自己肯定感が低いままだと、別れた彼に執着しやすくなることがあります。今日はそんなお話を。
自己肯定感と恋愛には密接な関係がある
ある女性がカウンセリングにやってきました。(※ご了承を得てのお話です)
「半年前に別れた彼のことがどうしても忘れられないんです。これって執着しているといことでしょうか?」
お話を聞いてみると、彼とは二年ほどのお付き合い。「嫌いになったわけではないけれど、君との将来がどうしても描けないんだ」というよく分からない理由でふられてしまったのです。
「好きだけど付き合えないとか」「ひとりになりたいんだ」とか、よく分からない理由での別れが増えているような気がします。はっきり別れを告げない男性が増えたのかな。
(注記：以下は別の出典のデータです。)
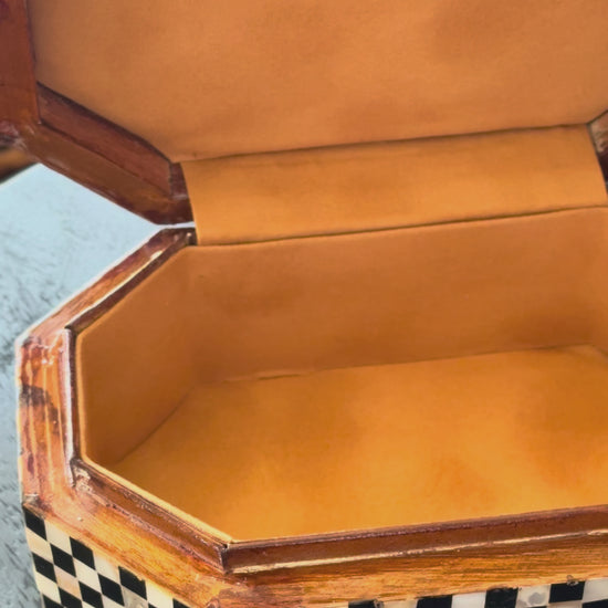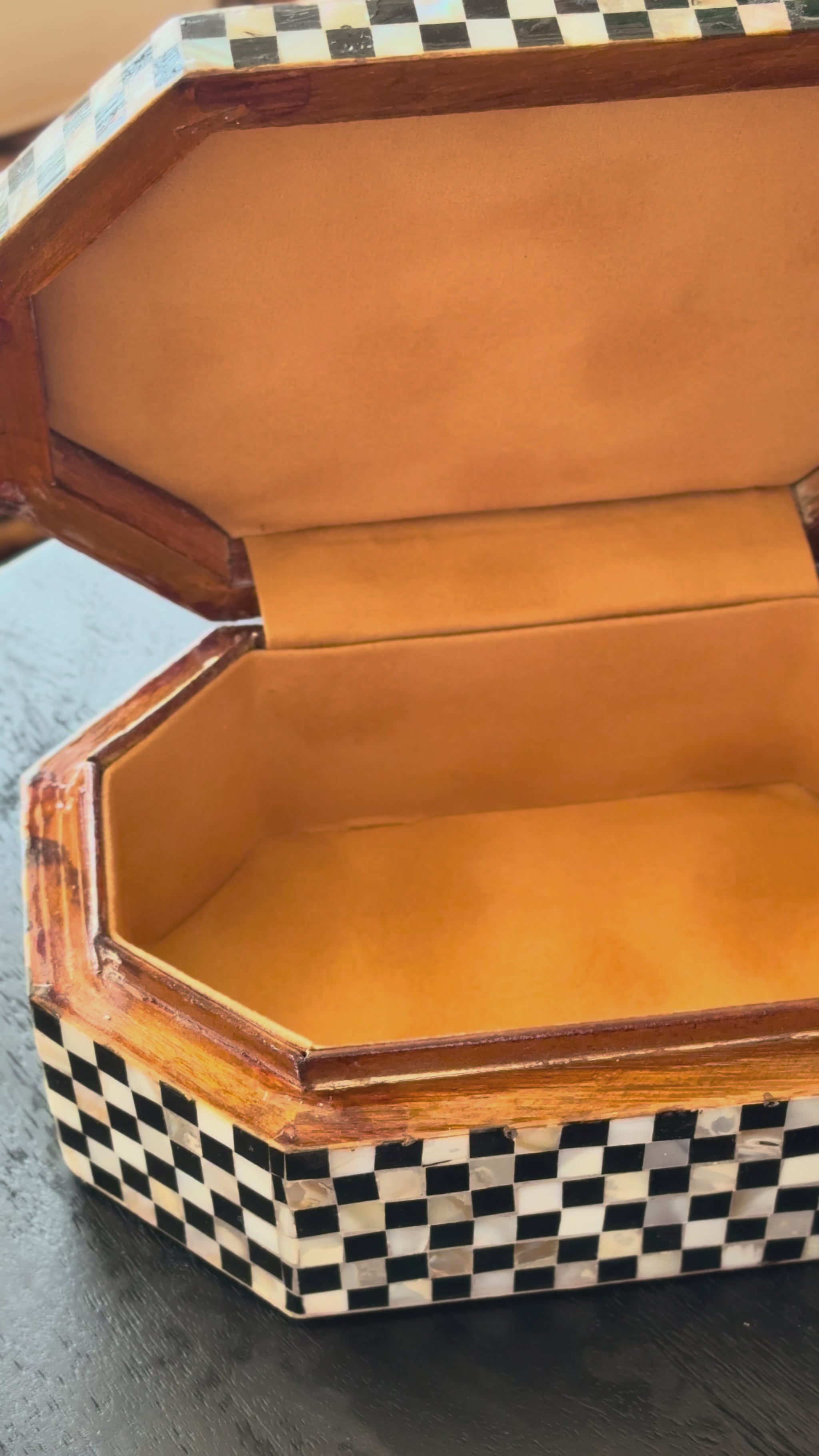 Handmade octagonal jewelry box featuring striking black and white checkerboard mother-of-pearl mosaic. Bold geometric pattern creates a timeless chess-inspired design. Velvet-lined interior perfect for jewelry storage.

それでも執着するぐらいだから、よほどステキな恋愛だったのだろうと想像するのですが、そうでもないというんです。
「お付き合いしているときは言いたいことは言えずに我慢ばかりでした。もっと自分の気持ちが言えていたら、うまくいったのかもしれないと思うんですよね…」
自信がなかったからダメだったんだろうと、彼女は自分のことをとても責めていました。
友達に相談すると、「そんな彼のことなんて早く忘れて、さっさと婚活したほうがいいよ」と言われたので、別れて3か月ほどした頃から婚活を始めたのです。
何人かの男性にあってみたものの、そこから先が進みません。どの男性とあっても好きになれないのです。「なんか彼と比べてしまって…」「なんか彼以上の人が現れなくて…」。
皆さんは、彼女の言葉にちょっと注目してほしいんですね。
「なんか彼と比べてしまって」というのは、いまだに別れた彼を基準にして他の男性を見ているということなんです。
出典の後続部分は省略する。